> Exercise data:
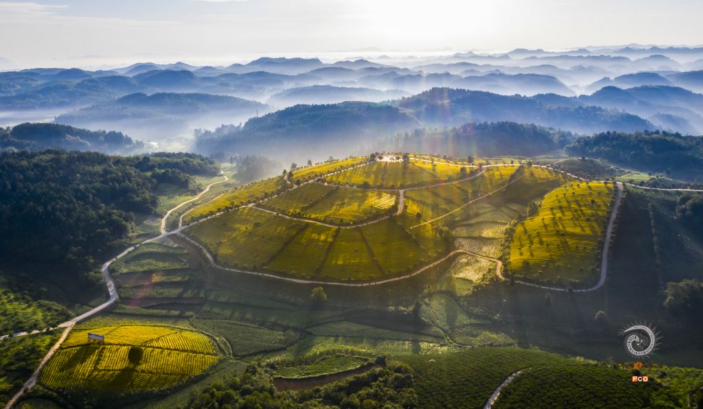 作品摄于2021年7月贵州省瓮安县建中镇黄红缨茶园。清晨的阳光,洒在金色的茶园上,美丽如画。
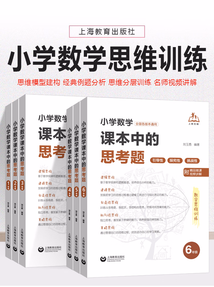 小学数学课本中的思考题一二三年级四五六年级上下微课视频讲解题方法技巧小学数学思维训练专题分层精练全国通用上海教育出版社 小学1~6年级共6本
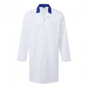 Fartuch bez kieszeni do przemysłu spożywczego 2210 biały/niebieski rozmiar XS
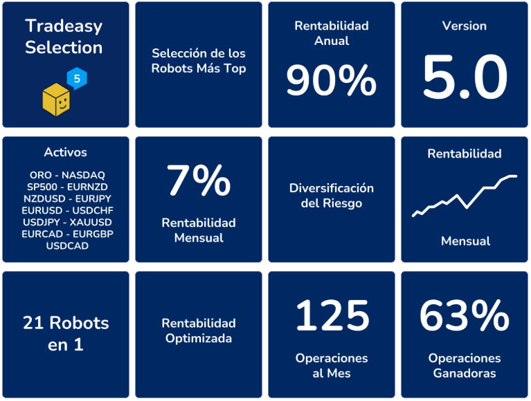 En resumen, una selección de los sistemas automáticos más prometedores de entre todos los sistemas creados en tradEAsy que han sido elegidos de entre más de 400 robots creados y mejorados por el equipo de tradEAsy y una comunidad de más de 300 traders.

> Your instructions:
Only the lines from the line containing "小学数学课本中的思考题一二三" through the end of the material should be retyped, exactly and in full, with no pictures.

> Exercise answer:
 小学数学课本中的思考题一二三年级四五六年级上下微课视频讲解题方法技巧小学数学思维训练专题分层精练全国通用上海教育出版社 小学1~6年级共6本
 Fartuch bez kieszeni do przemysłu spożywczego 2210 biały/niebieski rozmiar XS
 En resumen, una selección de los sistemas automáticos más prometedores de entre todos los sistemas creados en tradEAsy que han sido elegidos de entre más de 400 robots creados y mejorados por el equipo de tradEAsy y una comunidad de más de 300 traders.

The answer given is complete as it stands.